What to work on — Every line of the listing below should be written out exactly, minus its images.
── Source material ──
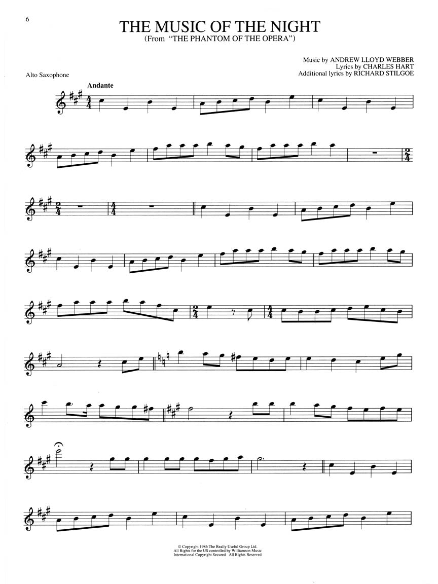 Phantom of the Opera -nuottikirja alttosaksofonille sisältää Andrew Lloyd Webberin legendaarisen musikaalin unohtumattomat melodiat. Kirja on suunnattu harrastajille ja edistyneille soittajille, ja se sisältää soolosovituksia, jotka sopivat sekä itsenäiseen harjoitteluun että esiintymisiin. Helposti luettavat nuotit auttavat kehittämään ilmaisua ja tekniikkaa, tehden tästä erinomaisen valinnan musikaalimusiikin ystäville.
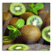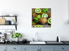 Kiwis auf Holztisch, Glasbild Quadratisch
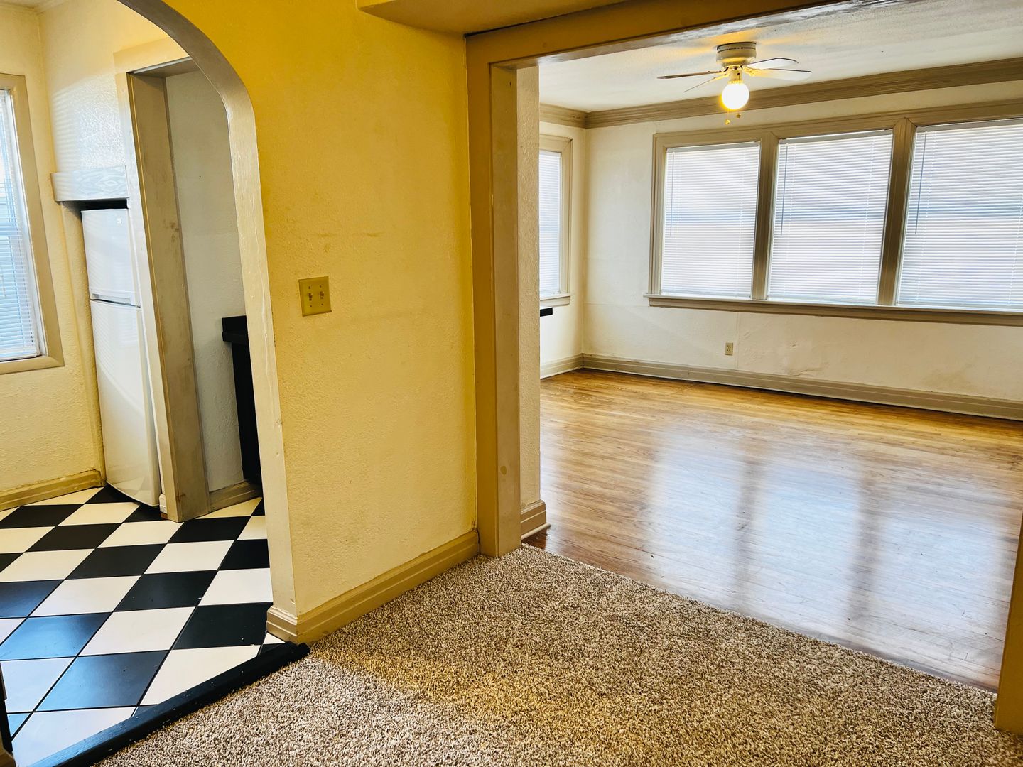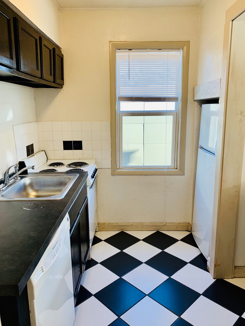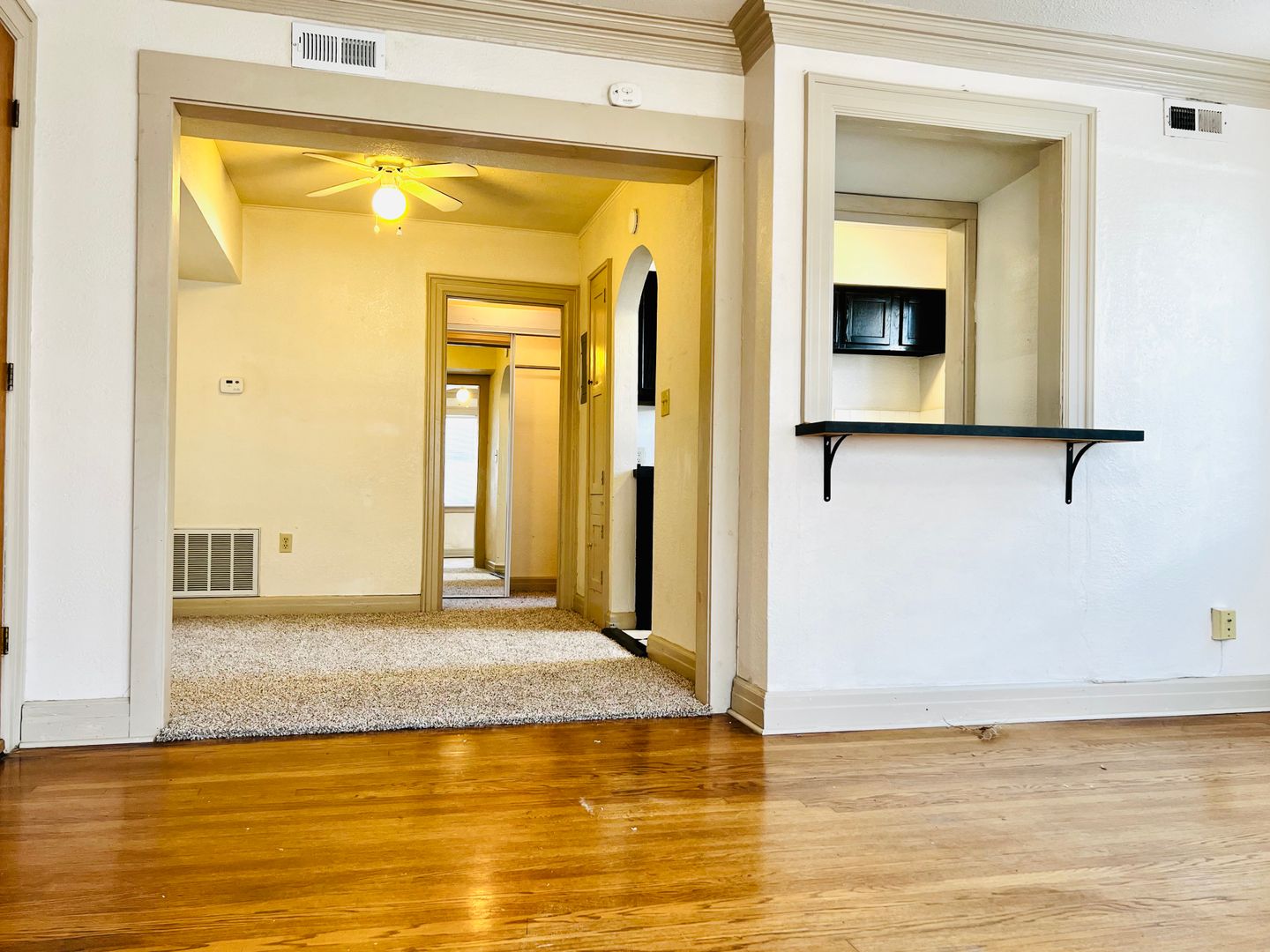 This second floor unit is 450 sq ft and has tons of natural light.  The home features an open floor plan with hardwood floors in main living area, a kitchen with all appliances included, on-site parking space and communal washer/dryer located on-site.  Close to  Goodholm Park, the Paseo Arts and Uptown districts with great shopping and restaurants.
───
Answer area —
 Phantom of the Opera -nuottikirja alttosaksofonille sisältää Andrew Lloyd Webberin legendaarisen musikaalin unohtumattomat melodiat. Kirja on suunnattu harrastajille ja edistyneille soittajille, ja se sisältää soolosovituksia, jotka sopivat sekä itsenäiseen harjoitteluun että esiintymisiin. Helposti luettavat nuotit auttavat kehittämään ilmaisua ja tekniikkaa, tehden tästä erinomaisen valinnan musikaalimusiikin ystäville.
 Kiwis auf Holztisch, Glasbild Quadratisch
 This second floor unit is 450 sq ft and has tons of natural light.  The home features an open floor plan with hardwood floors in main living area, a kitchen with all appliances included, on-site parking space and communal washer/dryer located on-site.  Close to  Goodholm Park, the Paseo Arts and Uptown districts with great shopping and restaurants.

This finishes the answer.